Luiz Walter Alvarez, PhD

Dr. Luiz Walter Alvarez was an inventor, American physicist, and professor who was awarded the Nobel Prize in Physics in 1968 for the discovery of resonance particles. Alvarez was born in San Francisco on June 13, 1911. His grandfather and father were doctors. His father took a post at the Mayo Clinic in  Rochester, MN, while Alvarez attended Rochester High School. He obtained his BS (1932), MS (1934), and PhD (1936) in Physics at the University of Chicago. Alvarez went on to join the Radiation Laboratory of the University of California-Berkeley as a research fellow in 1936. He was an Associate Professor (1938-1945), Associate Director at the Lawrence Berkeley National Lab (1954 -1959), and Professor of Physics at Berkeley after 1945. 

During WWII he contributed to the war efforts. He worked at the Radiation Laboratory at Massachusetts Institute of  Technology (1940-1943) on radar systems which could be used for both civilian and military endeavors. There he made improvements to IFF radar beacons and the VIXEN systems which prevented enemy submarines from knowing they were detected.  He also worked at the Metal Laboratory at the University of Chicago (1943-1944) on nuclear reactors.
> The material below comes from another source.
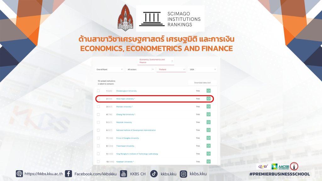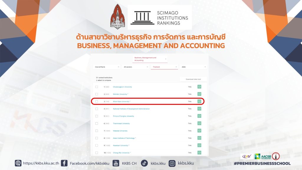 SCImago Institutions Rankings (SIR) ประกาศผลการจัดอันดับสถาบันการศึกษาระดับอุดมศึกษาทั่วโลก ประจำปี 2026 (Scimago Institutions Rankings 2026) ผ่านเว็บไซต์ https://www.scimagoir.com โดยผลการจัดอันดับในระดับประเทศ ประเภทสาขาวิชา Business, Management and Accounting มหาวิทยาลัยขอนแก่นก้าวกระโดดขึ้นอยู่ในลำดับที่ 3 จาก 31 สถาบันการศึกษาในประเทศไทย และประเภทสาขาวิชา Economics, Econometrics and Finance มหาวิทยาลัยขอนแก่นพุ่งขึ้นอยู่ในลำดับที่ 2 จาก 18 สถาบันการศึกษาในประเทศไทย

He then worked at Los Alamos Laboratory (1944-1945) as part of the Manhattan project in the development of detonators and implosion tests. Following the war, Alvarez returned to Berkeley to continue his work in physics, and he was awarded the Nobel Prize in Physics in 1968. He was instrumental in the construction of the proton linear accelerator at Berkeley, and then made further contributions to elementary particle physics through his use of hydrogen bubble chambers to determine resonance states. He was inducted into the National Inventors Hall of Fame in 1978.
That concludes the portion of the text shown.